Methods: Adeno-assosiated virus carrying ChR2 or ArchT gene under the control of promoter CaMKII was injected into mice striatum two weeks before the surgery of 60 minutes transient middle cerebral artery occlusion (tMCAO). NSCs cultured from transgenic mice expressing fluorescent protein or isometric phosphate buffer saline was transplanted into peri-infarct region at striatum at 4 days after tMCAO. The striatal neurons were stimulated 15 minutes daily by 473nm pulse or 530nm constant laser via implanted optical fiber from 7 to 13 days after tMCAO. Neurological severity score (NSS) was assessed at 3 and 14 days.
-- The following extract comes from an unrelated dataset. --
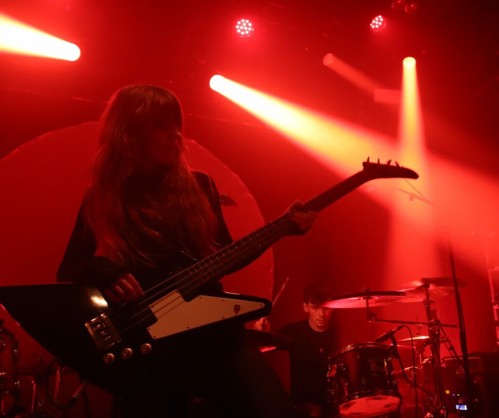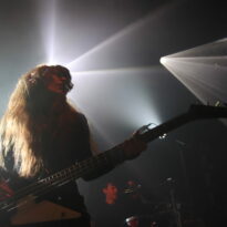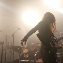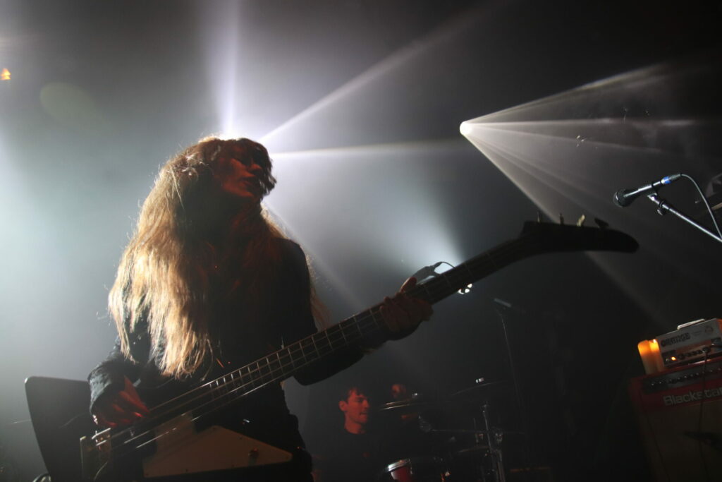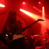 La scène est bien encombrée, les fûts des headliners étant déjà en place. Paul, le batteur de Witchorious, se retrouve coincé dans un angle derrière sa sœur, mais cela n’altèrera en rien sa frappe résolue. L’obscurité s’installe peu à peu, et l’ambiance mystique s’annonce avec une multitude de candélabres électriques disposés sur scène. Très vite, le groupe montre qu’il a bien progressé : nos souvenirs mitigés s’estompent, et on se laisse porter par la maîtrise scénique de ces jeunes doomsters.

After sacrificing the animals at 14 days after tMCAO, brain infarct volume was measured with cresyl violet staining. The fluorescence intensity and the diffuse area of implanted NSC were calculated to evaluate the survival of NSC.

Results: Mice received NSC transplantation and optogenetic inhibition showed smaller infarct volume compared to that only received NSC transplantation or PBS (p<0.05). The fluorescence diffuse area of transplanted NSC was larger in mice with optogenetic inhibition than that without optogenetic inhibition (p<0.05). Mice received NSC transplantation and optogenetic excitation had larger infarct volume and higher NSS than mice only received NSC transplantation (p<0.05), but showed no differences compared to mice received PBS (p>0.05). The fluorescence diffuse area and the mean optical density of transplanted NSC was smaller in mice with optogenetic excitation than that without optogenetic excitation (p<0.05).

Conclusion: Inhibition of striatal neuronal activity at sub-acute phase after ischemia can improve the treatment of implanted NSC. To the opposite, excitation of striatal neuronal activity can reduce the NSC treatment.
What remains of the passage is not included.